Government Support For Technical Textiles Development: The National Technology
Mission on Technical Textiles has a budget of US$170 million for five years.



Self-Reliance With Regard To Raw Materials For Nonwovens:


•    India is home the world’s largest polyester manufacturer, Reliance
Industries Ltd.

•    India will become the second-largest producer of cotton in 2008.

•    Austria-based Lenzing Group and India-based Modi Group will collaborate
to build a viscose plant with a capacity of 80,000 metric tons per annum.



Research And Development Infrastructure:
According to sources from the Office of
the Textile Commissioner of India, the government over the next five years will invest in 20
centers of excellence in research for nonwoven and technical textiles. Four centers will be
approved as Phase I and will focus on Geotech, Medtech, Protech and Agrotech.

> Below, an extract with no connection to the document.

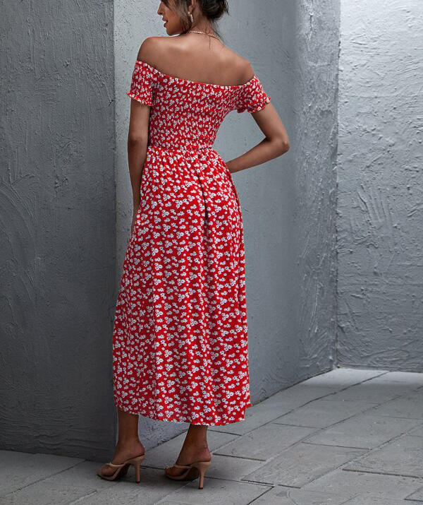 Commercio all'ingrosso di Primavera Estate Al Largo Della Spalla Stampa Floreale Arricciato Vestito Da Boho Manica Corta 100% Rayon Delle Donne Del Vestito Lungo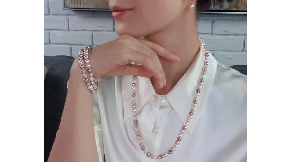 Roma Bracelet Double Perles Eau Douce Multicolores – 6.5/7mm – AAA

Awareness Programs: The government will spend at least 10 million Indian rupees
per annum for the next five years to create awareness among entrepreneurs in order to grow the
industry.



Technology Information and Forecasting Assessment Council (TIFAC)
: An autonomous
body under the Department of Science and Technology, TIFAC will invest around 18 million Indian
rupees as part of a private-public partnership worth 36 million Indian rupees to set up a center
for excellence in technical textiles at the DKTE Society’s Textile and Engineering Institute in
Ichalkaranji in the State of Maharashtra. This program is unique in that it will have contributions
from the institute and industrial partners to undertake mission-linked projects to promote the
nonwoven and technical textile industry. TIFAC has already established a center at Kumaraguru
College of Technology in South India whose focus is to strengthen research and development in the
textile machinery and allied sectors. The total budgeted cost is 37.6 million Indian rupees.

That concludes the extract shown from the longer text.